I release the breath cramping my lungs as my heart slow-rolls back down my bobbing throat. “Did you find the sigil?”
“Yes. It’s done.” He must regard Antoni because he growls, “Are we breaking him out?”
“Well, we can’t leave him here.”
Justus expels another exasperated sigh. “Fine. Let’s go before your mate destroys the house.”
Just as he says this, the subterranean castle shakes so hard my teeth chatter.
I whip out my hands to keep myself steady. “Not yet.”
“You’re not chasing—”
“No.”
“Good, because I was beginning to worry about your mental state.” His sarcasm smacks my grooved forehead, warming the blood caking my brow.
“But I’m not leaving here until I’ve crumbled this place.”
“I knew it. I knew you’d do something reckless.” His hands fall away from my biceps. “The stone is thick and—”
“Not beside Dante’s chamber. I could hear the ocean, Nonno. I could feel the serpents.” And they could feel me. “Want to float Meriam over?”
I hear him swallow. “They took her.”
Of course they did. “Where?”
“Inside the tunnels.” He bites out each word.
I may not be able to see his face, but I’ve no doubt that if I pressed my fingertips against his jaw, it would be ticking. “Even more reason to flood this place.”
“The tunnels were built on an incline.”
“Dante and his little regiment are weighed down by a gold throne, so they mustn’t have gotten all that far.” I think of when Lore flooded the mountain trench, and it had flushed away the soldiers trailing after us. Fingers crossed it’ll work this time, too. “Maybe you and Antoni can already start watering the place.”
Antoni frowns—because he doesn’t understand my plan, or because he believes me mad?
I fold my arms. “Either you help us, Antoni, or I transform you into a crab.”
He eyes the spot I stand on, his pupils shrinking and spreading as though weighing the truth of my threat.

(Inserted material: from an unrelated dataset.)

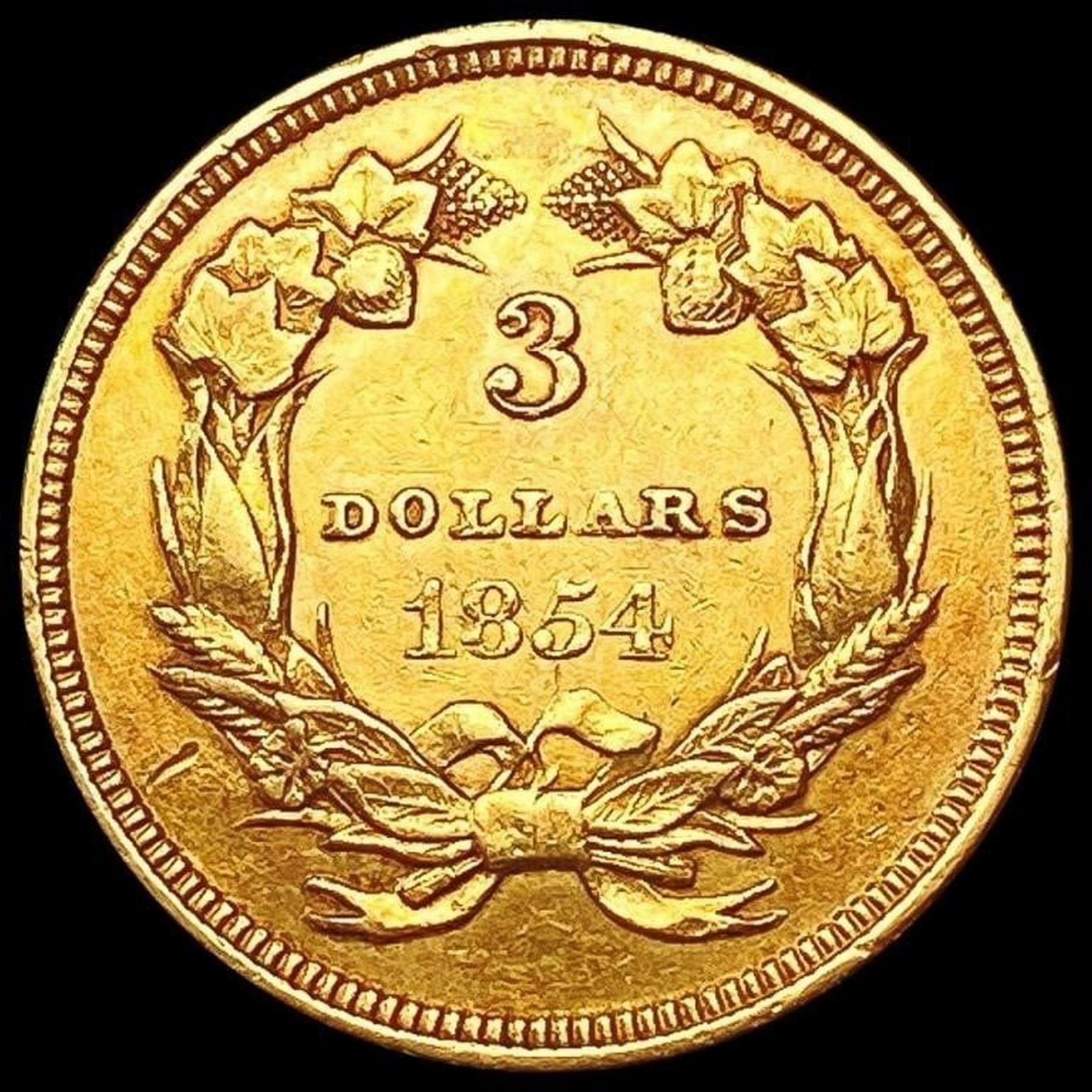 1854 $3 Gold Piece CLOSELY UNCIRCULATED

“A crab?” His mouth moves with a small smile. “Can she really do that, Justus?”
How neat would it be if I could? I wait with bated breath for Justus’s answer. Especially since we’re no longer in danger.
I feel the heat of a hand on my brow and blink. Since Antoni’s lids slam down and up as well, I imagine Justus has removed my sigil.
The door swings into the stone wall. “You have one minute to draw the shockwaves before I haul you upstairs. Better hurry, Nipota.”
With a sigh, I mumble a chastened, “I’ll be quick.” How is it that I’m twenty-two, and a powerful witch no less, yet feel knee-high to a sprite?
Once out of Antoni’s cell, we march toward the black wooden door looming ahead of us. The nearer we get to it, the more my blood pounds, surging and ebbing like its own tide. Is it nerves or is it the ocean I’m feeling?
I raise my hand to the ceiling that slants so low that my fingertips skim the cool stone. When a liquid thump tickles their tips, I startle then marvel. Serpents. I may not be able to see through stone, but I know that if I drew the key sigil, I’d find myself inside the ocean.
The bedchamber door groans open, and I all but jump out of my skin.